[Records excerpted from a collection]
BEGIN
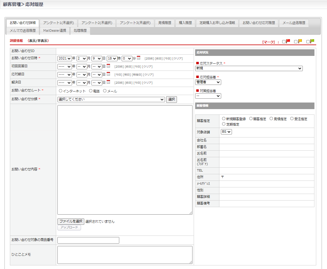 顧客>応対履歴>「お問い合わせ詳細」タブ
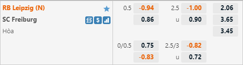 Hiện tại trên sàn giao dịch châu Á Leipzig được nhà cái đánh giá ở cửa trên với tỷ lệ chấp 1/2 và điểm ăn bỏ cho trận đấu này. Ở cuộc đối đầu gần nhất diễn ra trên sân của Freiburg Leipzig cũng có tỷ lệ chấp 1/2, điều này cho thấy giới chuyên môn không đánh giá cao Leipzig bởi đáng ra Leipzig phải có tỷ lệ chấp tốt hơn khi thi đấu trên sân trung lập.
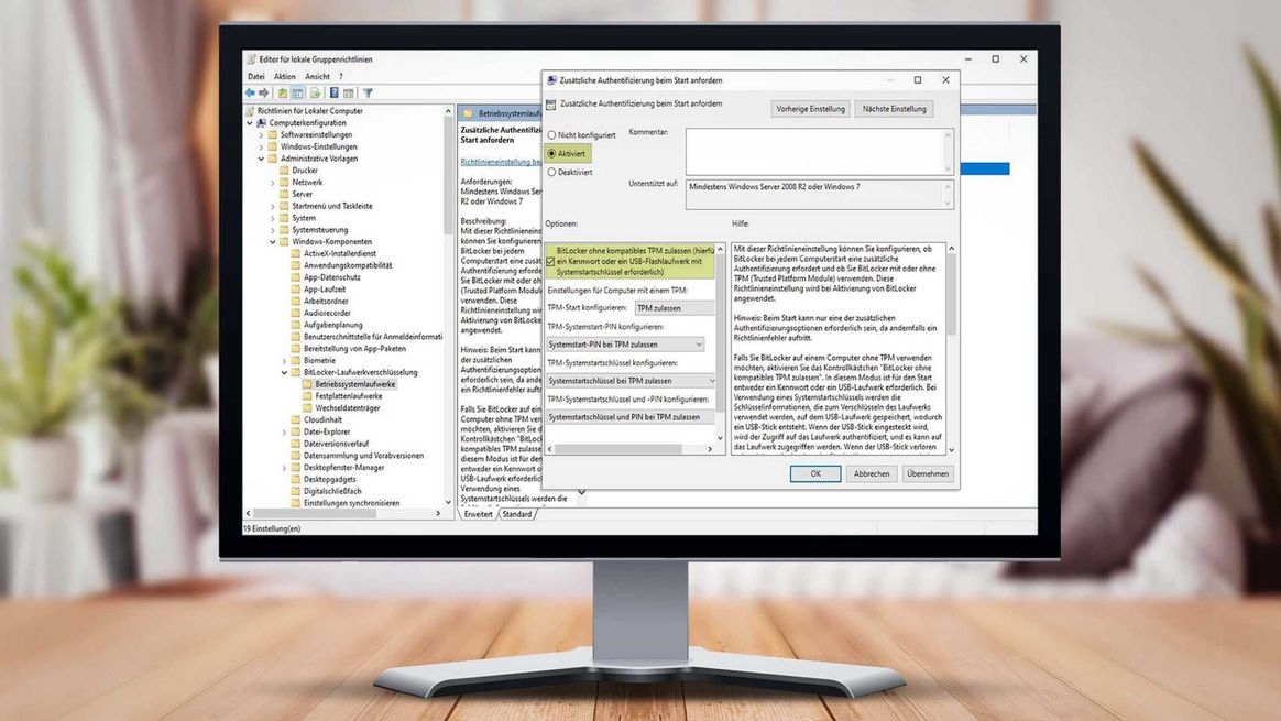 Doppelklicken Sie hier auf den Menüpunkt "Zusätzliche Authentifizierung beim Start anfordern". Setzen Sie die Richtlinie auf "Aktiviert" und setzen Sie bei "BitLocker ohne kompatibles TPM zulassen" ein Häkchen. Klicken Sie anschließend auf "OK". Eventuell bitten Sie – speziell bei Firmengeräten – Ihren Systemadministrator, diese Einstellung für Sie durchzuführen.
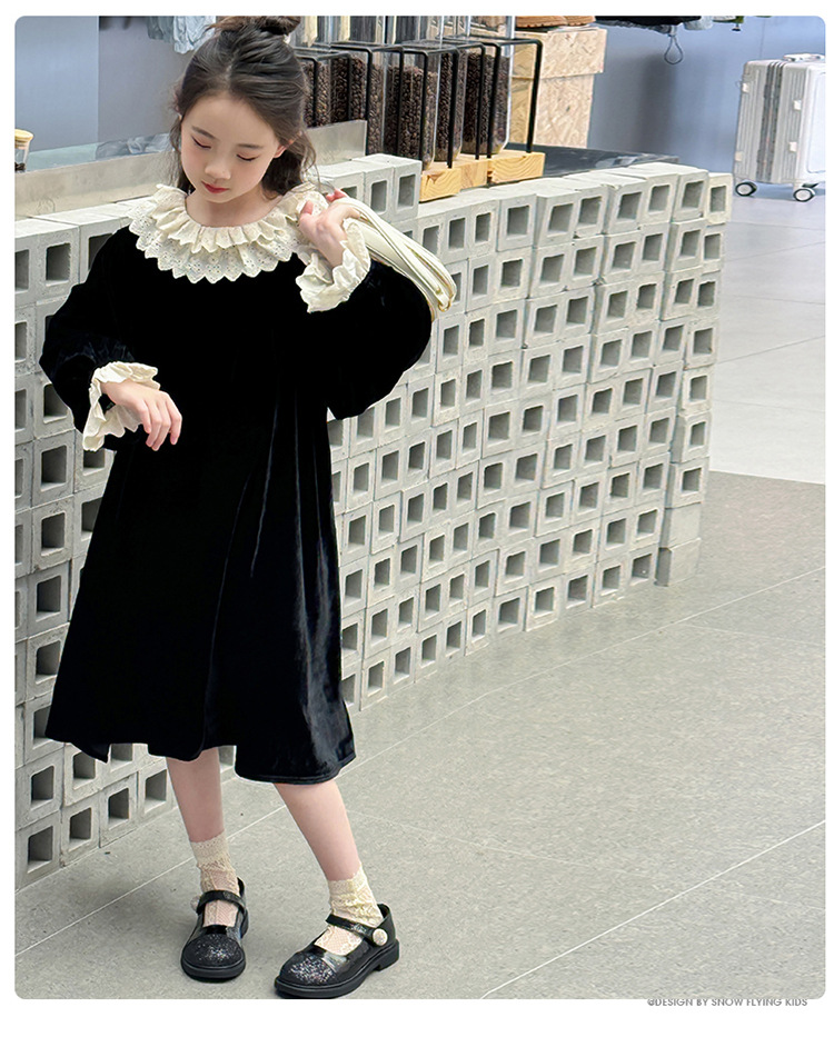여자 2024 가을과 겨울 새로운 코듀로이 한국 버전의 원피스 외국 스타일 공주 스커트 캐주얼 레이스 스커트 대외 무역 도매스토어 가기
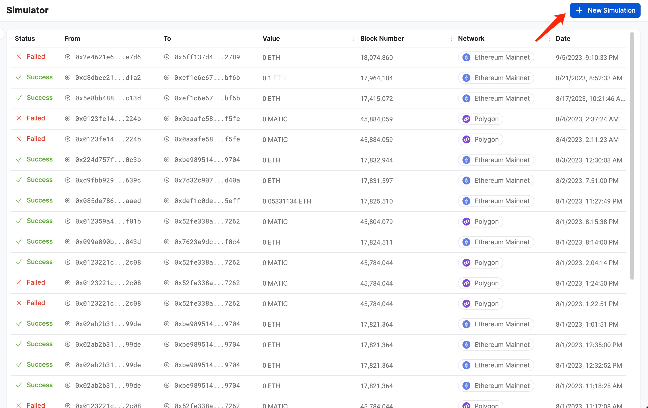 You can also click the simulator button on the left navigation bar and go to the simulator page which shows all the history simulations. Click the simulation button on the right corner will pop a similar UI but without prepopulated transaction data.
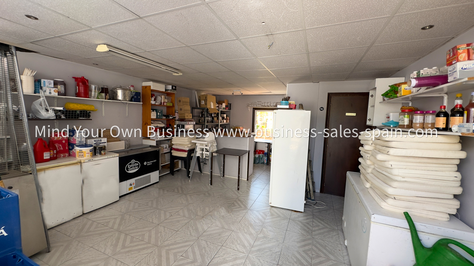 The second property is used as an overflow kitchen and storeroom. It has plenty of room for preparation as well as having space for an additional oven and hob, there are further fridges freezers and microwave. There is a huge amount of stage with shelving and also a large loft area.
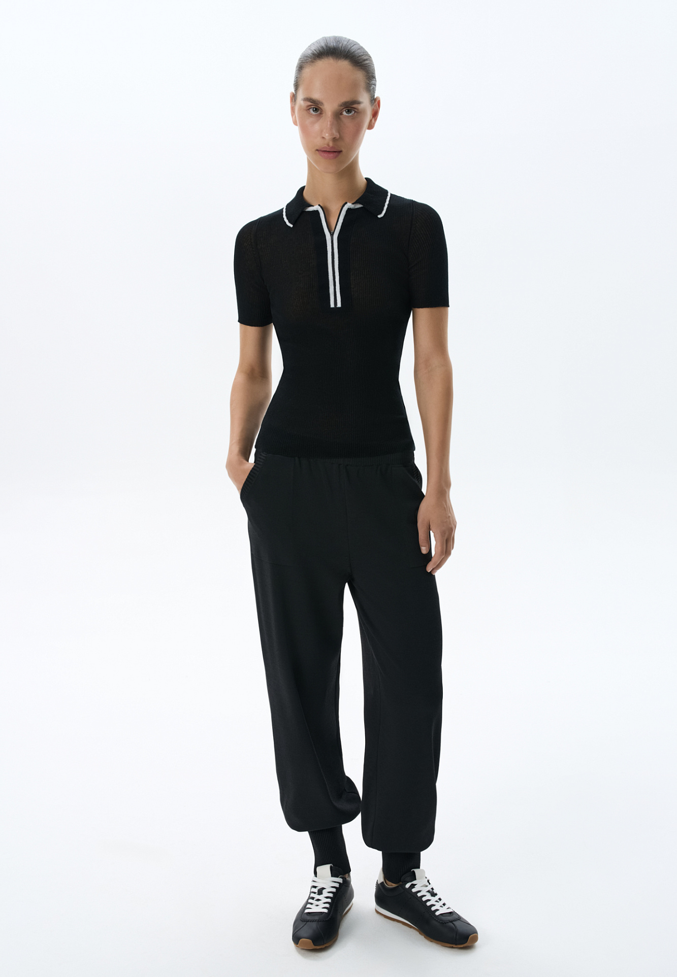 Трикотажные брюки из плотной вискозы в спортивном стиле. Регулируемый пояс на шнурке. Боковые карманы. Эластичные манжеты.
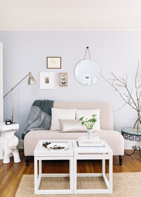 Những món đồ màu nhạt cùng phong cách trang trí cổ điển khiến căn hộ rộng hơn thực tế.
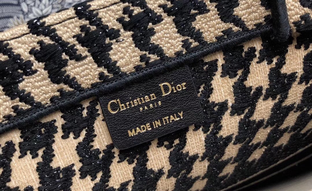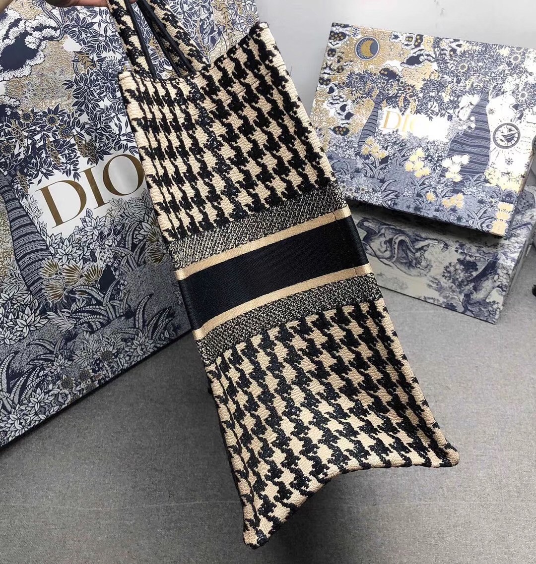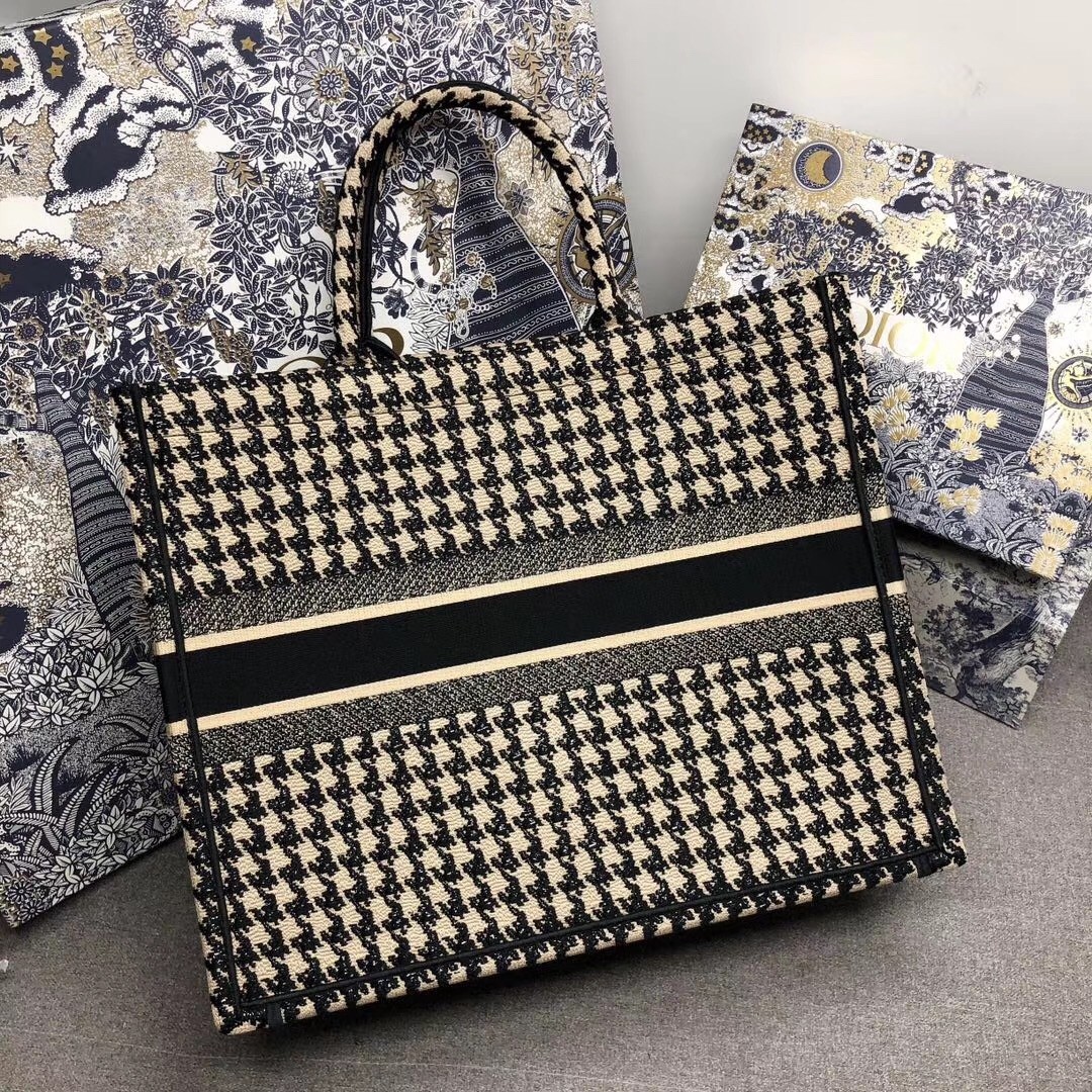 Dior Book Tote Bag In Houndstooth Embroidery Canvas
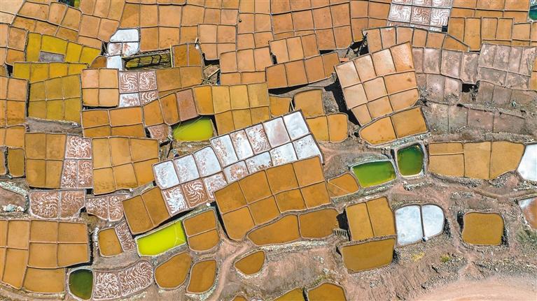 鹽田里,60歲的乃柯正和丈夫一起用木拍夯實(shí)鹽田?!艾F(xiàn)在用泵抽水輕松多了,但拍鹽田的手藝不能丟?!崩先说脑捳Z(yǔ)中,既有對(duì)科技的接納,也有對(duì)傳統(tǒng)的堅(jiān)守。鹽田下方,鹽晶垂落成簾,在山風(fēng)拂動(dòng)下閃爍微光,仿佛在訴說(shuō)著什么。一塊塊鹽田如同一面面鏡子,既映照出千年文明的厚重,也折射著鄉(xiāng)村振興的希望。當(dāng)鹽民們輕掃鹽田,他們掃的不僅是晶瑩的鹽,更是一份在傳承與創(chuàng)新中守護(hù)的鄉(xiāng)愁。
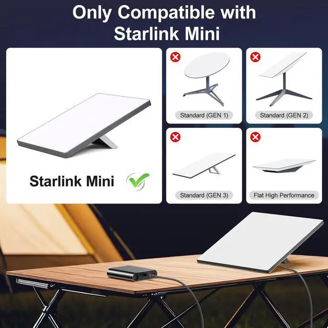 Universal Compatibility: Easily powers your Starlink Mini or compatible devices with a standard DC port, ensuring convenient connectivity wherever you are.
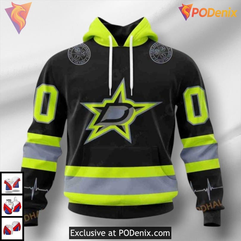 Custom Firefighter Tribute Dallas Stars Hoodie – Honor the Brave with Team Spirit
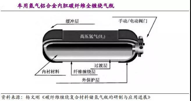 復(fù)合材料儲(chǔ)氫氣瓶由內(nèi)至外包括內(nèi)襯材料、過渡層、纖維纏繞層、外保護(hù)層、緩沖層。
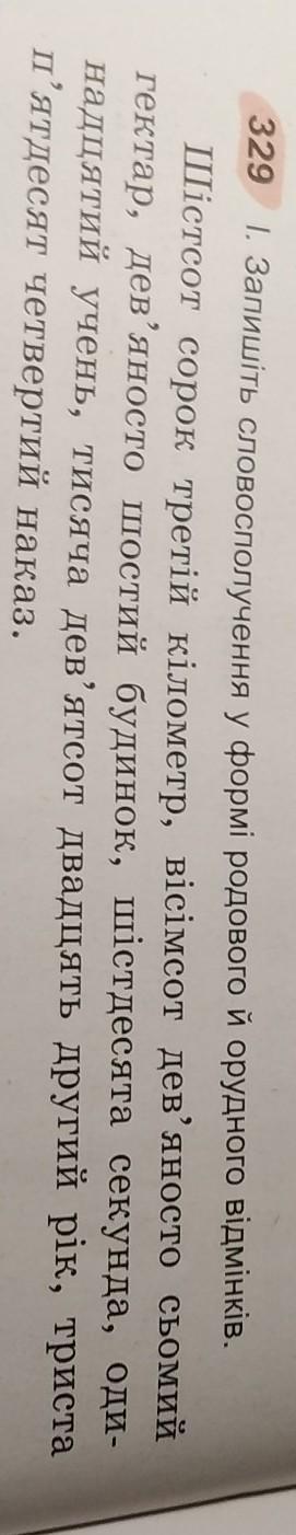 Ответ: шістсот сорока третього кілометра, шістсот сорока третім кілометром; вісімсот дев'яносто сьомого гектара, вісімсот дев'яносто сьомим гектаром; дев'яносто шостого будинку, дев'яносто шостим будинком; шістдесятої секунди, шістдесятою секундою; одинадцятого учня, одинадцятим учнем; тисяча дев'ятсот двадцять другого року, тисячу дев'ятсот двадцять другим роком; триста п'ятдесят четвертого наказу, триста п'ятдесят четвертим наказом
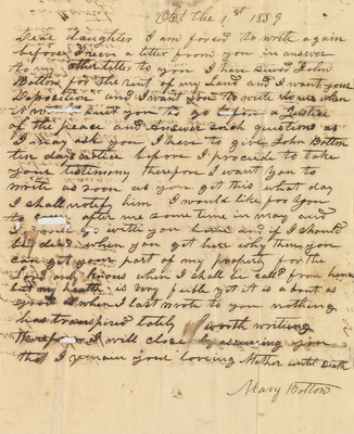 A letter from Mary T. Bolton to daughter Leodocia B. Darby. Envelope from the letter.
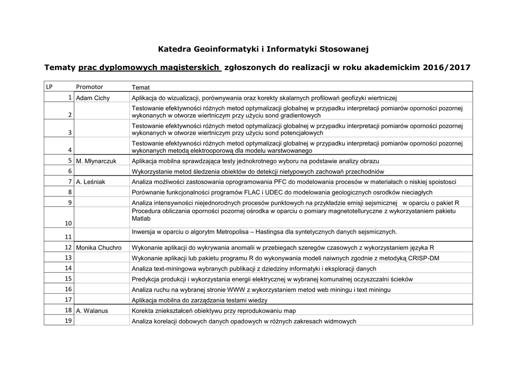 Katedra Geoinformatyki i Informatyki Stosowanej Tematy prac
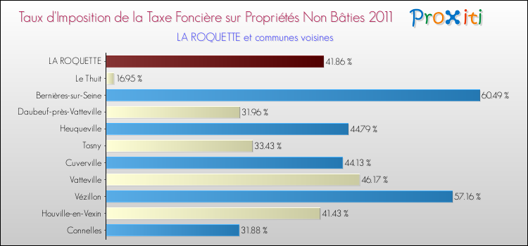 En 2011, le taux de la taxe foncière sur le non bâti vôté par le conseil municipal de La Roquette était de : 41.86 %.
END
> [Task] Each line from the one that contains "The second property" through the end of the records should be restated exactly; include both end lines and leave any pictures out.

> [Answer to the problem]
 The second property is used as an overflow kitchen and storeroom. It has plenty of room for preparation as well as having space for an additional oven and hob, there are further fridges freezers and microwave. There is a huge amount of stage with shelving and also a large loft area.
 Трикотажные брюки из плотной вискозы в спортивном стиле. Регулируемый пояс на шнурке. Боковые карманы. Эластичные манжеты.
 Những món đồ màu nhạt cùng phong cách trang trí cổ điển khiến căn hộ rộng hơn thực tế.
 Dior Book Tote Bag In Houndstooth Embroidery Canvas
 鹽田里,60歲的乃柯正和丈夫一起用木拍夯實(shí)鹽田?!艾F(xiàn)在用泵抽水輕松多了,但拍鹽田的手藝不能丟?!崩先说脑捳Z(yǔ)中,既有對(duì)科技的接納,也有對(duì)傳統(tǒng)的堅(jiān)守。鹽田下方,鹽晶垂落成簾,在山風(fēng)拂動(dòng)下閃爍微光,仿佛在訴說(shuō)著什么。一塊塊鹽田如同一面面鏡子,既映照出千年文明的厚重,也折射著鄉(xiāng)村振興的希望。當(dāng)鹽民們輕掃鹽田,他們掃的不僅是晶瑩的鹽,更是一份在傳承與創(chuàng)新中守護(hù)的鄉(xiāng)愁。
 Universal Compatibility: Easily powers your Starlink Mini or compatible devices with a standard DC port, ensuring convenient connectivity wherever you are.
 Custom Firefighter Tribute Dallas Stars Hoodie – Honor the Brave with Team Spirit
 復(fù)合材料儲(chǔ)氫氣瓶由內(nèi)至外包括內(nèi)襯材料、過渡層、纖維纏繞層、外保護(hù)層、緩沖層。
 Ответ: шістсот сорока третього кілометра, шістсот сорока третім кілометром; вісімсот дев'яносто сьомого гектара, вісімсот дев'яносто сьомим гектаром; дев'яносто шостого будинку, дев'яносто шостим будинком; шістдесятої секунди, шістдесятою секундою; одинадцятого учня, одинадцятим учнем; тисяча дев'ятсот двадцять другого року, тисячу дев'ятсот двадцять другим роком; триста п'ятдесят четвертого наказу, триста п'ятдесят четвертим наказом
 A letter from Mary T. Bolton to daughter Leodocia B. Darby. Envelope from the letter.
 Katedra Geoinformatyki i Informatyki Stosowanej Tematy prac
 En 2011, le taux de la taxe foncière sur le non bâti vôté par le conseil municipal de La Roquette était de : 41.86 %.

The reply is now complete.